Which brings me to my landlord – who is remodeling our duplex and the two apartments above the garage and NEVER lets us know in advance if workmen will arrive at 7:30am with jackhammers and drills, tearing apart the upstairs, bulldozing our backyard, cancelling the gardener or ripping out our backyard fence, which is the only safety net standing between our frolicking dog and the cars rushing down the streets.  After the sixth phone call about all this, his “assistant” phoned and said “he told me he called you back and left a message.”  I abruptly replied, “he’s lying,” only to find out the next day that he left  a quick message on my partner’s voicemail.  I immediately felt guilty for my outburst, feared I’d lose my apartment, and  thought I should apologize.  Until I thought, what about the five others that weren’t returned prior?  Shouldn’t I be standing up for myself in some form?  It’s not Cairo but isn’t the principal the same?   Even though I’m now regretting the nerve to compare the two and even though you roll your eyes, just laughing at me for doing it, doesn’t it all start from the same place on some academic level?  Standing up for yourself?  Not being cowed?  Not being conned?  Being who you are?
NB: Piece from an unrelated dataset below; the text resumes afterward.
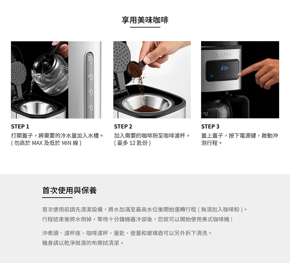 1.5公升大容量,最多可沖泡12匙份咖啡量。
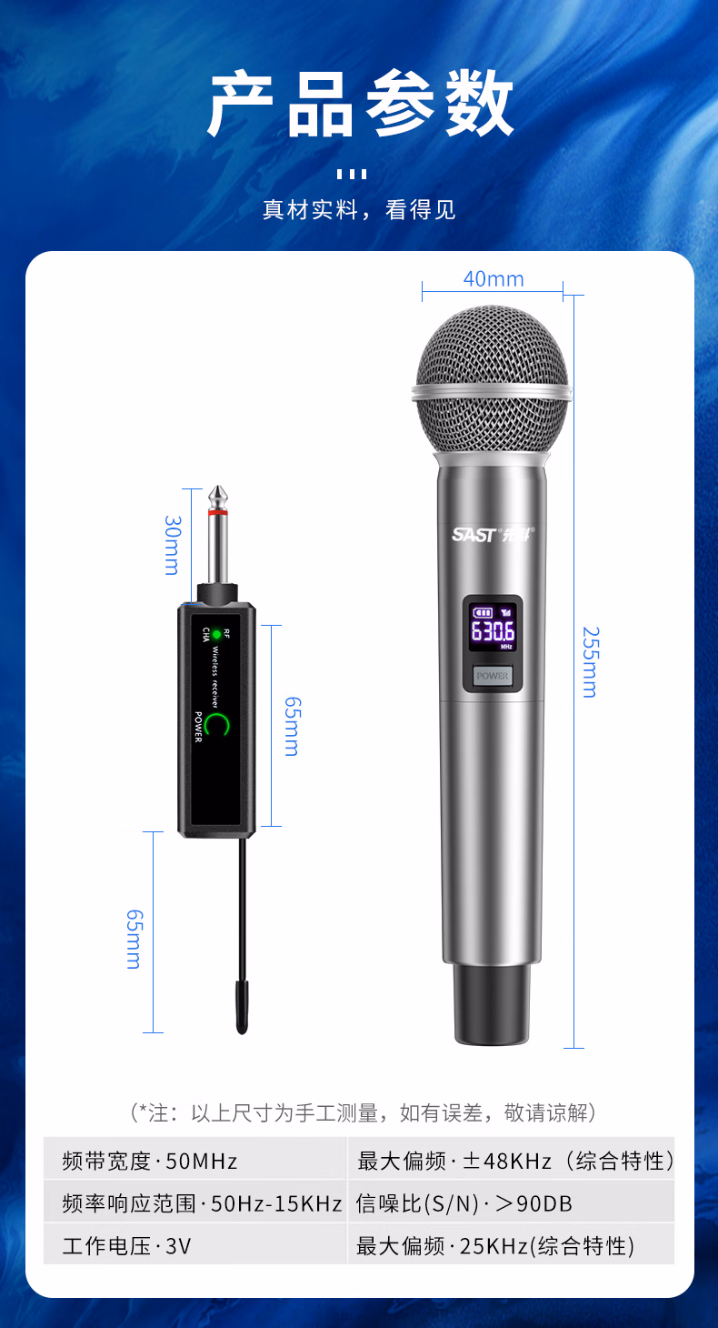 包装清单  :   先科(SAST)ok-95B 手持充电无线麦克风U段家庭KTV唱歌舞台主持演讲K歌会议音箱功放调频万能一拖二金属话筒

Which finally brings me to what I heard from a sort of idol of mine I recently got to meet at friend’s birthday party – Jane Fonda.  No, we don’t hang together (are you kidding?)  But my friend does and he knew how I admired her politics, her boldness and acting talent, so he sat me next to her at this big party (yes, she looked fabulous, I mean, it’s Jane!).  After bending her ear about everything I could while making sure I actually let her speak to others, I casually mentioned how far the world now was from the values and idealism of the sixties and how, if it frustrated me, it must drive her crazy.  She considered this, looked me square in the eye and said (paraphrasing) “Some people are born with a global platform, some have a national or local platform, and some have one in the action of their day-to-day lives.  And you never know how change happens and which will be the most important. But change will happen eventually.  I might not be around to see it, but you might.  That’s why it’s so important to take a stand in your everyday life and see what happens.”

It kind of makes you want to go outside, find a red carpet somewhere, put on your favorite outfit and crack an egg.  Or, if you’re just not in the mood, cheer on someone else who is doing it.